Security Hallucinations: Report Reveals DeepSeek’s Chat Histories and Internal Data Were Publicly Exposed
A cloud security firm discovered a publicly accessible, fully controllable database belonging to DeepSeek, the Chinese company that has recently made waves in the AI world. Within minutes of examining DeepSeek’s security, Wiz researchers found a critical vulnerability that exposed sensitive information.

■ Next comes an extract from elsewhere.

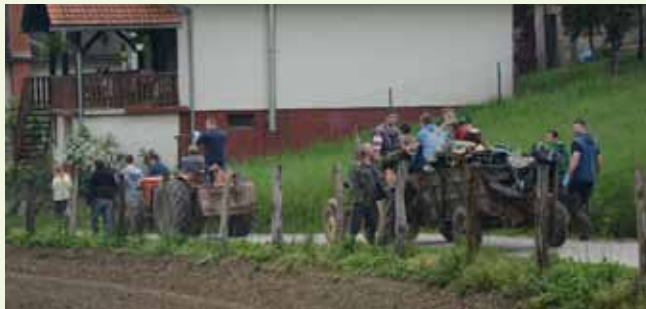
Odstranjen je otpad koji je „gušio“ potok Željeznicu

Procjenjuje se da su tri skupine akcijaša iz korita i okoliša potoka Željeznice izvukle više od 10 prostornih metara otpada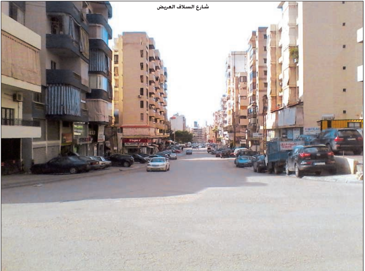
شارع السلاف العريض

An analytical ClickHouse database tied to DeepSeek was "completely open and unauthenticated," containing over 1 million instances of "chat history, backend data, and sensitive information, including log streams, API secrets, and operational details." The database also had an open web interface that allowed for full database control and privilege escalation. Internal API endpoints and keys were available through the interface and common URL parameters.
According to Wiz’s blog post, "much of the attention around AI security is focused on futuristic threats, but the real dangers often come from basic risks—like accidental external exposure of databases." As organizations rush to adopt AI tools and services from a growing number of startups and providers, it’s essential to remember that by doing so, we’re entrusting these companies with sensitive data. The rapid pace of adoption often leads to overlooking security, but protecting customer data must remain the top priority.
Ars has contacted DeepSeek for comment and will update this post with any response. Wiz noted that it did not receive a response from DeepSeek regarding its findings, but after contacting every DeepSeek email and LinkedIn profile Wiz could find on Wednesday, the company protected the databases Wiz had previously accessed within half an hour.
"The fact that mistakes happen is correct, but this is a dramatic mistake, because the effort level is very low and the access level that we got is very high," said Ami Luttwak, CTO of Wiz. "I would say that it means that the service is not mature to be used with any sensitive data at all."
DeepSeek’s R1 model, a freely available simulated reasoning model that DeepSeek and some testers believe matches OpenAI’s o1 model in performance, has sparked a blaze of volatility in the tech and AI markets. DeepSeek purportedly runs at a fraction of the cost of o1, at least on DeepSeek’s servers. The seemingly drastically reduced power needed to run and train R1 also rocked power company stock prices.
Ars’ Kyle Orland found R1 impressive, given its seemingly sudden arrival and smaller scale, but noted some deficiencies in comparison with OpenAI models. OpenAI told the Financial Times that it believed DeepSeek had used OpenAI outputs to train its R1 model, in a practice known as distillation. Such training violates OpenAI’s terms of service, and the firm told Ars that it would work with the US government to protect its model.
In examining DeepSeek’s systems, Wiz researchers found numerous structural similarities to OpenAI, seemingly so that customers could transition from that firm to DeepSeek. This raises concerns about the potential for sensitive data exposure and the impact on AI market competition.
Wiz Researchers’ Findings:
- A publicly accessible database containing over 1 million instances of chat history, backend data, and sensitive information.
- An open web interface allowing full database control and privilege escalation.
- Internal API endpoints and keys available through the interface and common URL parameters.
- Similarities in structural design to OpenAI, potentially for customer transition.
Implications:
- The rapid pace of AI adoption often leads to overlooking security, but protecting customer data must remain the top priority.
- Accidental external exposure of databases is a critical risk that organizations should address promptly.
- DeepSeek’s R1 model and potential similarities to OpenAI raise concerns about sensitive data exposure and market competition.
Conclusion:
The recent discovery by Wiz researchers highlights the importance of prioritizing security in AI adoption. Organizations must be vigilant in protecting customer data, as even basic risks like accidental external exposure of databases can have severe consequences. As the AI market continues to evolve, it’s essential to address these concerns and ensure that companies prioritize security alongside innovation.